Welcome to Episode 6 of our CI/CD journey!
So far, you’ve built a secure pipeline: building, testing, scanning, and pushing your app image automatically. In this episode, you’ll learn how to automate the deployment of your Docker image and use OWASP ZAP to scan your running API for vulnerabilities—just like professional DevOps teams do.

  • Recap: Up to now, you’ve built, tested, scanned, and pushed your app image.
  • What’s next: Deploying your app, then scanning your running API for security issues using OWASP ZAP.
  • Why it matters: Even a secure image can expose vulnerabilities once deployed—API scanning helps catch those.

1. Automated Deployment from GitLab CI/CD

A big step in DevOps is letting your pipeline deploy the latest app image for you—no more manual server logins!
We’ll use GitLab CI/CD to connect to a remote server via SSH and run our new Docker image.

Why Use SSH Keys?

  • SSH keys keep your connection secure without exposing passwords.
  • Store your keys as GitLab CI/CD variables (like SSH_PRIVATE_KEY), never hard-code secrets.

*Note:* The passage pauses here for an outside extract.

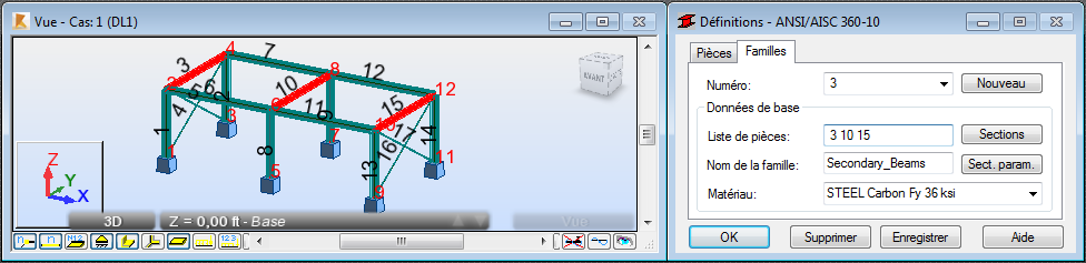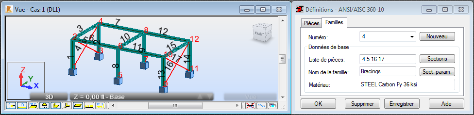Vous pouvez également entrer les numéros de contreventements "4 5 16 17" dans la zone Liste de pièces.

I’ve already covered this topic, so you can follow along using the link below.
Setup SSH Key Method

Example Deployment Job

deploy_to_production:
  stage: deploy
  image: google/cloud-sdk:latest
  before_script:
    - echo "Install Docker"
    - apt-get update && apt-get install -y docker.io curl ca-certificates tar gzip openssh-client
    - echo "Setting up Google Cloud authentication..."
    - echo "$GCP_SA_KEY" | base64 -d > $CI_PROJECT_DIR/gcp-key.json
    - gcloud auth activate-service-account --key-file=$CI_PROJECT_DIR/gcp-key.json
    - gcloud config set project escian
    - gcloud auth configure-docker asia-southeast1-docker.pkg.dev --quiet
    - eval $(ssh-agent -s)
    - echo "$SSH_PRIVATE_KEY" | tr -d '\r' | ssh-add -
    - mkdir -p ~/.ssh
    - chmod 700 ~/.ssh
    - echo "$SSH_KNOWN_HOSTS" >> ~/.ssh/known_hosts
    - chmod 644 ~/.ssh/known_hosts
    - ssh-keyscan $REMOTE_HOST >> ~/.ssh/known_hosts # Good for adding on the fly if not using a variable
    - ls -lrta ~/.ssh
    - cat ~/.ssh/known_hosts
    - id
  script:
    - ssh $REMOTE_USER@$REMOTE_HOST "docker run -d -p 8502:8002 $IMAGE_TAG_GOOGLE && docker ps | grep uvicorn | awk '{print \$1}' > CONTAINER_ID.txt &"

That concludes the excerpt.